“Mission: Downsize” has been the name of the game for the majority of the year, especially when the tech behemoths of the world are involved. As rising inflation and other macroeconomic conditions shape up to host the economic downturn for a longer period of time, Google’s parent company Alphabet turned out to be the latest to initiate mass layoffs, which may begin in early 2023.

According to a report from The Information, the tech giant is looking to lay off about 6% of its workforce, or about 10,000 employees, as it looks to cut down costs and register a faster growth rate amidst facing increasing pressure from multiple quarters.
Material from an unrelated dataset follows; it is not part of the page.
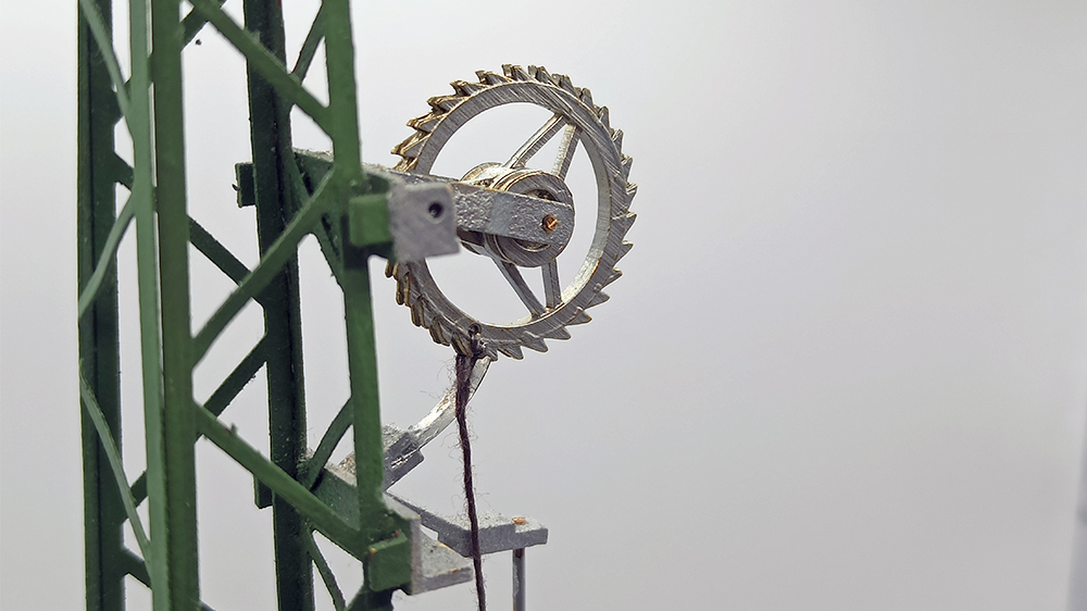 Handgefertigte Radspannwerk aus Messingguss, Stahl und fotogeätztem Messing; Harzbasis. Die Mast ist hoch mm. 255,00; die Basis mm. 20.00 Uhr. Die Mast ist in grünem DB lackiert und ist mit einer Schraube zur Befestigung ausgestattet.

Alphabet had pocketed $13.9 billion in net profit in the third quarter of the year, which is a drop of 27% from a year earlier.

If the company follows through this decision, then it will make it the latest company – after Meta, Amazon, and Twitter – to lay off employees in the thousands and add to the over 137,000 white-collar professionals across 850 tech companies who have found themselves out of a job this year. Alphabet’s layoff report comes in just days after UK-based activist investor TCI Fund Management called on Alphabet to pursue aggressive cost cutting on the back of a hiring spree during the pandemic, claiming the business could be more efficiently run.

The Google-parent has a system in place to ease out the 10,000 employees and reduce its headcount. This system consists of a new ranging and performance improvement and management system, which will help managers identity and eliminate around 10,000 individuals for being underperforming employees.

The report added that with the help of this new ranking system, managers could avoid paying them bonuses and stock grants as well. It also reduces the percentage of employees that can score a high rating.

Alphabet currently has a workforce of around 187,000 employees, courtesy of its pandemic-induced growth and a prior surge in recruitments. This makes Alphabet one of the biggest employers in the tech industry, and one of the better paying ones.

According to a filing with the US Securities and Exchange Commission (SEC), the median annual salary of a Google employee is around $2,95,884. And since it is not immune to the adverse conditions that have plagued the global tech market this year, Google had announced earlier that it will be slowing down the hiring process in the fourth quarter of the year, before freezing recruitments completely, and CEO Sundar Pichai said that he aimed to make Alphabet 20% more efficient.

Christopher Hohn, a UK billionaire activist investor, described Alphabet’s headcount as an “excessive” one, claiming that the giant could be run efficiently if it had a lesser – but better compensated – number of professionals working in it. He also informed Alphabet that it paid its employees far more than other tech players did.